▸ Exercise requirements: Omit all pictures. Quote the lines from the one with "- Эффективная работа" through the end of the listing below, exactly as they appear.

▸ Available data:
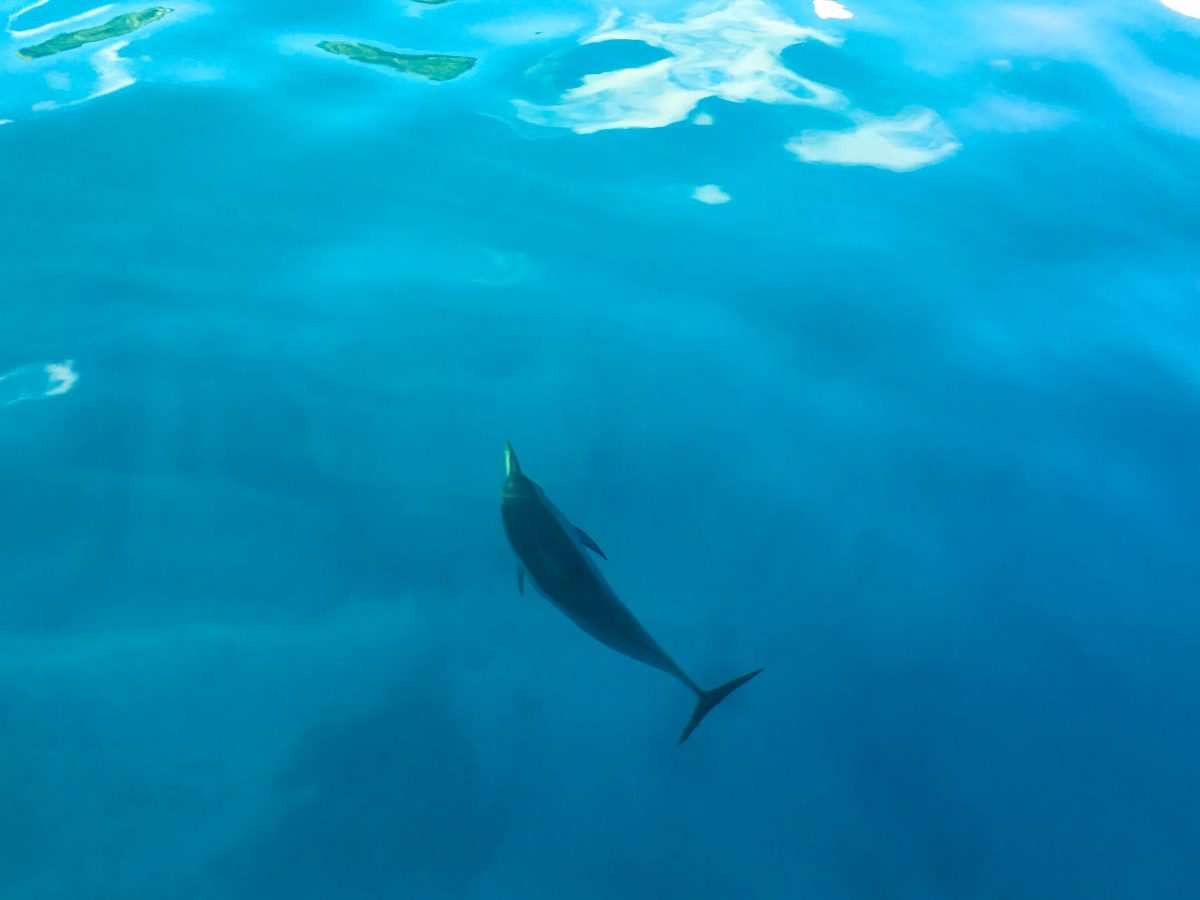 We cruised through the electric-blue lagoon and saw a pod of spinner dolphins as they surrounded our boat and showed off their acrobatic skills. Romain excitedly explained that dolphins are not usually spotted in the lagoon surrounding Mo’orea, so it was an extra special day. (Maybe it was a little presumptuous, but I considered it another Mo’orea birthday present especially for me). 😉
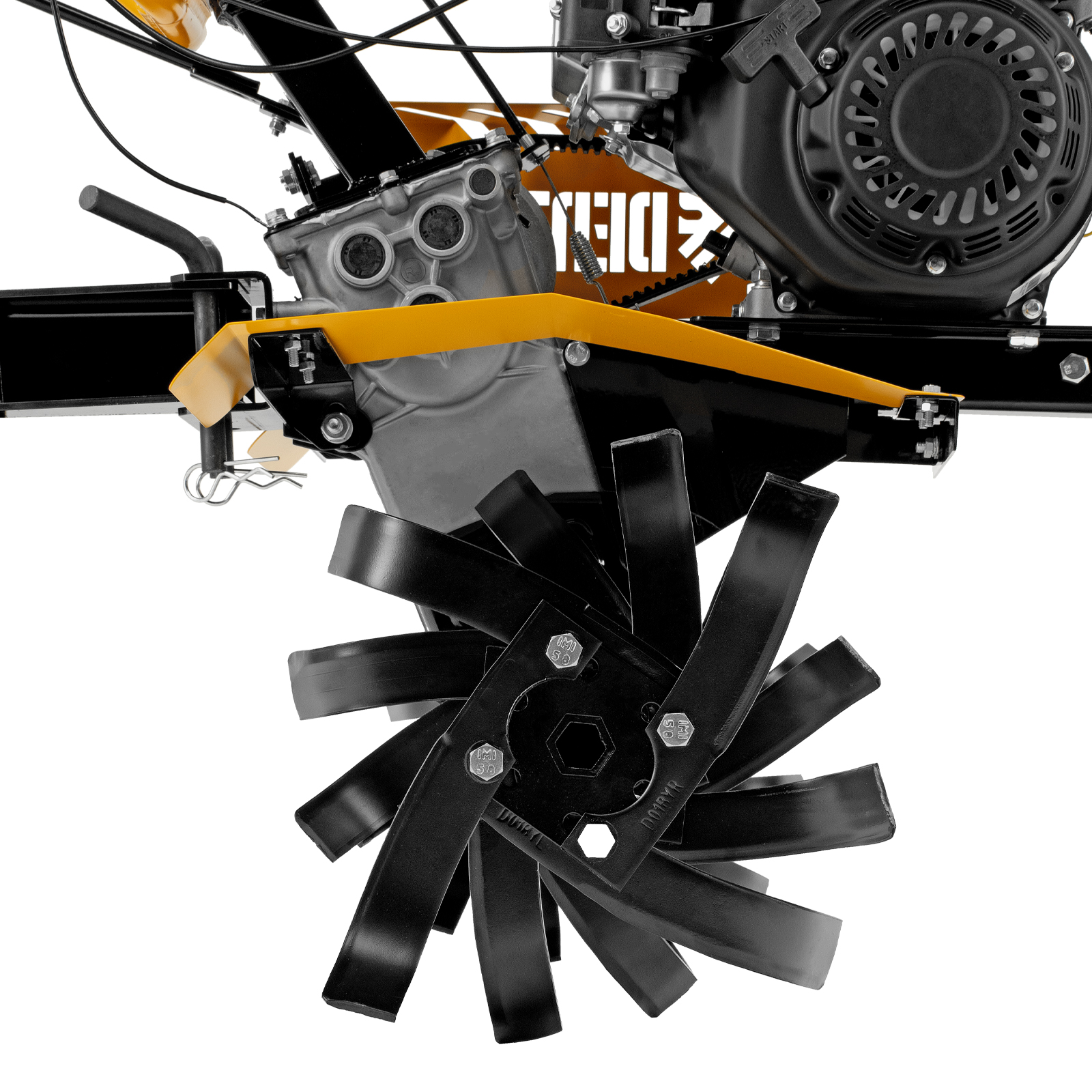 - Эффективная работа — благодаря усиленному шестеренчато-цепному редуктору с алюминиевым корпусом мотоблок успешно справляется даже с плотным, глинистым грунтом.
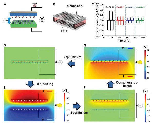 图5:基于石墨烯的发电机对摩擦力的响应。

▸ Output for this exercise:
 - Эффективная работа — благодаря усиленному шестеренчато-цепному редуктору с алюминиевым корпусом мотоблок успешно справляется даже с плотным, глинистым грунтом.
 图5:基于石墨烯的发电机对摩擦力的响应。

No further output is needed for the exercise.